When you’re opening another file that’s part of your project, a template or some config, it’s often best to use the path relative to the current file. You may see this done like
config_path = File.expand_path("config.yml", File.dirname(__FILE__))
You can shorten this a little by taking advantage of the way File.expand_path
works, traversing up the file path with ..
config_path = File.expand_path("../config.yml", __FILE__)
If you’re using Ruby 2.0 it’s even simpler
config_path = File.expand_path("config.yml", __dir__)
When it comes to parsing a config file it’s fairly common to see
config = YAML.load(File.open(config_path))
The YAML library actually has a built in method that does both these operations in one
config = YAML.load_file(config_path)
eval
with const_get
The number one culprit for unnecessary uses of eval
seems to be resolving a
string as a constant, fortunately this is fairly easy to do right.
string = "Enumerator::Lazy"
klass = string.split("::").inject(Object) {|base, str| base.const_get(str)}
Ruby 2.0 makes this even easier, as Object.const_get
understands namespaces.
klass = Object.const_get(string)
Ruby’s Hash has the concept of a ‘default proc’. This is a Proc object that’s
called when a key can’t be found, given the hash itself and the key as
arguments, so you can set/return a default value for that key.
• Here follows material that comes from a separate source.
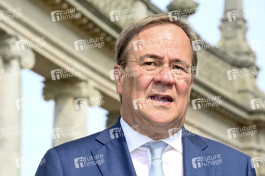 Armin Laschet bei einer Gedenkveranstaltung zum 60. Jahrestag des Baus der Berliner Mauer an der Glienicker Brücke. Potsdam, 13.08.2021

It can be set
with the #default_proc=
method, or by supplying a block to Hash.new
One case this is particularly useful is grouping objects together
users_by_city = Hash.new {|hash, key| hash[key] = []}
users.each {|user| users_by_city[user.city] << user}
Ruby has a number of abbreviated assignment operators, these combine assignment
with another operator. The easiest to understand and most immediately obvious of
these is +=
, as in i += 1
increments the variable i
by 1. Most of Ruby’s
operators can be combined with assignment like this, and can be understood by
expanding them out, e.g.
i += 1 # equivalent to:
i = i + 1
i /= 2 # equivalent to:
i = i / 2
A particularly useful instance of this is ||=
(“or equals”), this will only
perform the assignment if the left hand side of the expression is ‘falsy’
(nil
or false
). If the left hand side is ‘truthy’ then that will be the
result of the expression. This makes it really easy to do memoisation.
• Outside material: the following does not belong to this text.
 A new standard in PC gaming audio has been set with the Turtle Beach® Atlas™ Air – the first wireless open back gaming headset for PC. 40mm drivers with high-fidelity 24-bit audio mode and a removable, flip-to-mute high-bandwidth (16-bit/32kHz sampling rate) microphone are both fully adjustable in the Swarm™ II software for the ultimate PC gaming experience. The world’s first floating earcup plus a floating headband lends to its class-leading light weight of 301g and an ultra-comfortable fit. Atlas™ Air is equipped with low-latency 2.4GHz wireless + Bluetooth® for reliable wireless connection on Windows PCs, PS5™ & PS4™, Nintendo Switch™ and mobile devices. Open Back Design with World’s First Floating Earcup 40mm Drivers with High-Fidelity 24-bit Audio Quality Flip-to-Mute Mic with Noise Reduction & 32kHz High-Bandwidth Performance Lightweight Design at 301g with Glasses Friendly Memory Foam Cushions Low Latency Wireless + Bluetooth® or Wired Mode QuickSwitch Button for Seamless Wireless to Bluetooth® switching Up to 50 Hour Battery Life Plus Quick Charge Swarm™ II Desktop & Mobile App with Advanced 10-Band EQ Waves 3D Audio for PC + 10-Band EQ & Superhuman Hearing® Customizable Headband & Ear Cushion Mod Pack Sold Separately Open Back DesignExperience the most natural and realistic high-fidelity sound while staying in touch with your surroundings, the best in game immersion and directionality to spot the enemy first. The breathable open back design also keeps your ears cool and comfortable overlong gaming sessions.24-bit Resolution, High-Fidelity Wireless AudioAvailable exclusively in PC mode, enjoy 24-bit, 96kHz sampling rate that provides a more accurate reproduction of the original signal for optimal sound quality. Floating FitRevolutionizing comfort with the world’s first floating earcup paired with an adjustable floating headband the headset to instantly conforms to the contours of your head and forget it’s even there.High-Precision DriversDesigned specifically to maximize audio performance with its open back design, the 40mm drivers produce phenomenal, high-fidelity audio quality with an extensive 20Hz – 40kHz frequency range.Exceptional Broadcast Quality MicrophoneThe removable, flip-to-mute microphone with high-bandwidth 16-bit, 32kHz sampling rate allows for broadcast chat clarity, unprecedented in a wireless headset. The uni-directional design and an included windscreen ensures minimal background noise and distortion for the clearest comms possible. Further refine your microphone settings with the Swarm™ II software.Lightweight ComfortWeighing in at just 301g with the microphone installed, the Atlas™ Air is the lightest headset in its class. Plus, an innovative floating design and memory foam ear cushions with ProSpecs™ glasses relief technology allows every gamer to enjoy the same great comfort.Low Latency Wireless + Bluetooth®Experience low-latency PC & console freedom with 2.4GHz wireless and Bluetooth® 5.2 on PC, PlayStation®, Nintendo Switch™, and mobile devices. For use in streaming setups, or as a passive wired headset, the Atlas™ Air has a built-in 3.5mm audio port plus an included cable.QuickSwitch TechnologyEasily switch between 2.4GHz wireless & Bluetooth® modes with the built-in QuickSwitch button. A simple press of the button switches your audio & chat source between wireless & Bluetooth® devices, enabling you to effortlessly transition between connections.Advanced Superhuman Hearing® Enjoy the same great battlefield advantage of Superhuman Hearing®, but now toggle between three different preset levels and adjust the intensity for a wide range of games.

Say you have a method that fetches some data via an API, and you don’t want to re-fetch the data every time you call the method, it’s now a really easy problem to solve
def posts
@posts ||= fetch_resource(:posts, user: id)
end
You can even make this work when the method takes arguments
def user(id)
(@users ||= {})[id] ||= fetch_resource(user: id)
end
One thing to bear in mind is ||=
slightly breaks the expansion rule (along
with &&=
), and expands out like:
x ||= y # equivalent to:
x || x = y
Ruby’s Array has a lot of helpful methods, and even more through Enumerable.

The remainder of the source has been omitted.